In a first step, the test item was assayed for the ability to reduce MTT. At the end of the incubation period, a yellow/grey solution, without precipitate, was observed, indicating that the test item could directly interact with MTT. Thus, additional controls were added in the Main Assay for the evaluation of MTT non specific reduction (NSMTT).

In a second step, the test item was assayed for the ability to colour water. A colourless suspension, with plenty white precipitate, was observed, which indicates that the test item does not have a colouring ability. For this reason, no additional controls were added in the Main Assay for the evaluation of non specific colouring potential (NSC).

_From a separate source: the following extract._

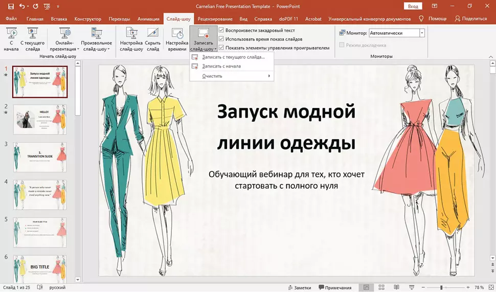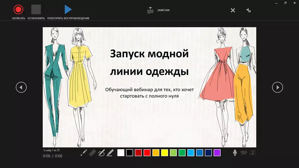 Подключите и настройте необходимые устройства и начните запись демонстрации слайдов

Using alive tissues, the negative control gave the expected baseline value and variability, in agreement with guideline indications. According to the method, the mean negative control value is considered the baseline value of the experiment and thus represents 100% of cell viability.

The positive control showed cell death with an acceptable relative cell viability of 6.2 % in function of the negative control. Variability between replicates was acceptable (SD of % viability = 4.3). Based on the criteria the study was accepted as valid.

The test item did not induce any relevant reduction of MTT staning in any replicate. The mean cell viability was 106.9% in function of the negative control. The variability between the replicates was 18.8, which is slightly higher than the stated in the Study Acceptability Criteria, however, the study was considered valid since the Optical Density value of each test item replicate sample was comparable to the negative control values.

The classification criteria in the CLP legislation are not directly applicable to an in vitro test. Therefore, as described in OECD 439 the following cut-off time values are used.

mean relative viability =< 50%: irritant (GHS Category 2)

mean relative viability > 50%: not irritant (GHS No category)

Based on these results L-Histidine should be considered as not irritant to the skin.